I find very short stories quite hard: I can't seem to write my name without spilling 7,500 words. Aside from being longwinded, though, I love both forms and would be heartbroken if I had to give up one or the other.

I do find mystery and romance storylines easier to pace in the novel format--there's just more time to let things develop. Short stories are compressed and it takes more work to make them seem like they can span a big shift in a character's circumstances.

> If you could, would you change places with any of your characters?

Oh, the lot of the folks in Indigo Springs and Blue Magic isn't enviable... I'm not sure there's many of them I'd want to be. But I'm writing a bunch of pieces now set on a world called Stormwrack--the first is called "Among the Silvering Herd", and there's a lot of adventure to be had there. I'd happily take a ride on the sailing vessel *Nightjar*, either as Garland Parrish or Gale Feliachild.

> When and where do you write?

I try to be someone who can write in almost any place, at any time... I've seen people who get so caught up in their rituals that they can only work in one space, and if conditions are perfect. That said, I get up every morning and go, at six a.m., to Cafe Calabria on Commercial Drive. There's no internet and few distractions, and I write fiction there seven days a week. And I'm not alone--quite a few writers end up there over the course of their very long day.

> What’s the best/worst thing about writing?

It's the same thing: you do it alone. It's the best thing because you have total control over your work, your worlds, your characters and what happens to them. You can craft everything down to the hatpins. It's the worst thing because you can never *ever* delude yourself that you don't own what's on the page. If there's a typo, a bad sentence, a plotting misstep, what have you, you're the one that put it there.

> Do you have any advice for hopeful authors?

I have a ton, and a lot of it's up on my web site.  In fact, I teach writing courses online through the UCLA ExtensionWriters' Program, and sometimes I mentor new writers face-to-face through VancouverManuscript Intensive. I'm constantly telling new writers what I think they should do!

But in terms of some quick advice a person can use right now? Make the time to write regularly. Find critics or coaches you trust. Take their advice most of the time but know, too, that the important decisions are always absolutely yours.

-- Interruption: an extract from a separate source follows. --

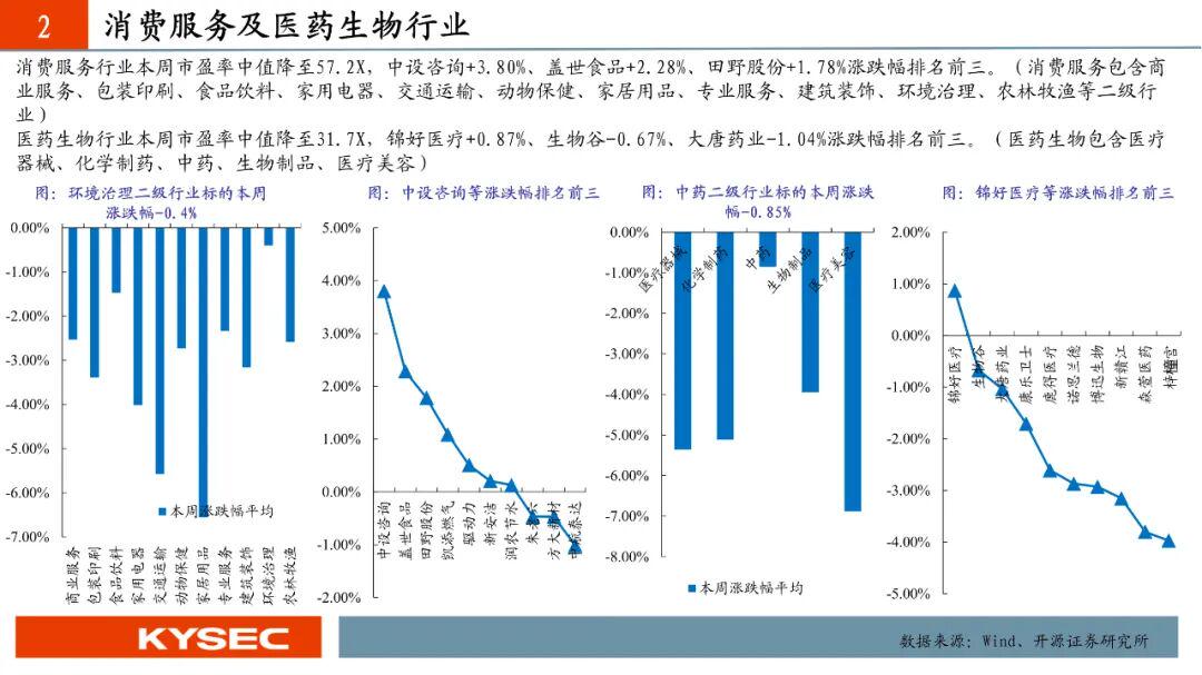 本周高端装备、信息技术、化工新材、消费服务、医药生物五大行业平均涨跌幅分别为-2.24%、-4.96%、-0.23%、-3.04%、-4.61%。高端装备行业本周市盈率中值降至40.7X,信息技术行业本周市盈率中值降至74.8X,化工新材行业本周市盈率中值升至44.7X,消费服务行业本周市盈率中值降至57.2X,医药生物行业本周市盈率中值降至31.7X。

> How do you discipline yourself to write?

The upside of being compelled to write is that you have to discipline yourself to stop. If I go a week without writing, I get cranky. If I go two weeks, I become very unhappy indeed. But, when I am confronted with some task I don't particularly wish to get down to, what I will often do is set an electronic timer for an hour. I'll make a cup of tea, start the timer, and promise myself that as long as I give it a sixty-minute try, I'm off the hook for the day.

I love writing, and even when it's hard--when I'm struggling to pull off a particular story--I'm almost always having fun doing it. In this, I know, I am blessed. I'm grateful for that combination of personality traits that makes buckling down to writing easy for me. All I can do is enjoy it while it lasts, hope it doesn't change, and promise myself that if it does I'll seek the strength and the support I need to deal.